For more than half of my life, I have lived where water must be conserved. For many years it was a life and death issue because if the well ran dry, there was simply no alternative.
Now, of course, you can buy drinking water from a shop but where I live, water is still heavily guarded in dry times.
Most of the water-saving measures you hear about merely touch the surface of household waste but my practices are really tough. No drop escapes.
We are in dry times and run-off from the hot tap is meticulously collected for the electric kettle or to rinse vegetables. The dishwasher is completely off limits and all washing up must be done by hand in as little water as possible. The washing machine is only for real dirt, not for anything that can be rinsed off by hand in a bucket; and so on and on.
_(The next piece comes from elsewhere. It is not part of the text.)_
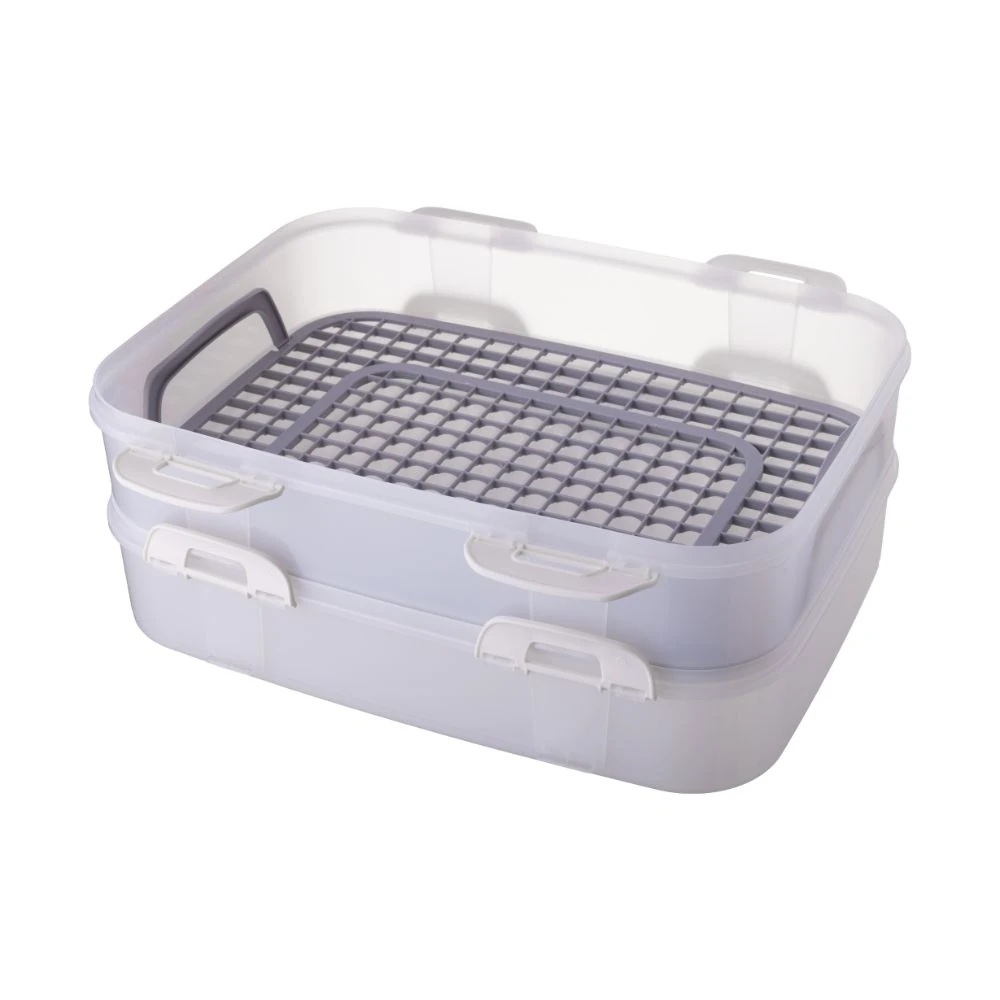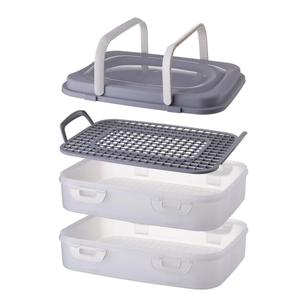 Wyposażony w klipsy zabezpieczające oraz składane uchwyty, zapewnia wygodne i bezpieczne przenoszenie. Dodatkowym atutem jest wyjmowana wkładka z uchwytami, która ułatwia dostęp do zawartości. W razie potrzeby możesz korzystać tylko z jednego poziomu, co zwiększa funkcjonalność pojemnika.

Saving water is urgent business just now and it seems that the media is talking about a worldwide shortage of water. It seems there is a famine for water almost everywhere and we can’t imagine anything much worse than a world’s running out of drinking water.
But God sees something far worse. “’The days are coming,’ declares the Sovereign Lord, ‘when I will send a famine through the land – not a famine of food or a thirst for water, but a famine of hearing the words of the Lord.’” Amos 8:11.
Jesus has given us the remedy. He said “whoever drinks of the water I will give him will never thirst. Indeed, the water I will give him will become in him a spring of water welling up to eternal life.”” John 4:14.
Jesus begs us to become one of God’s wells to quench a lethal thirst. Will you?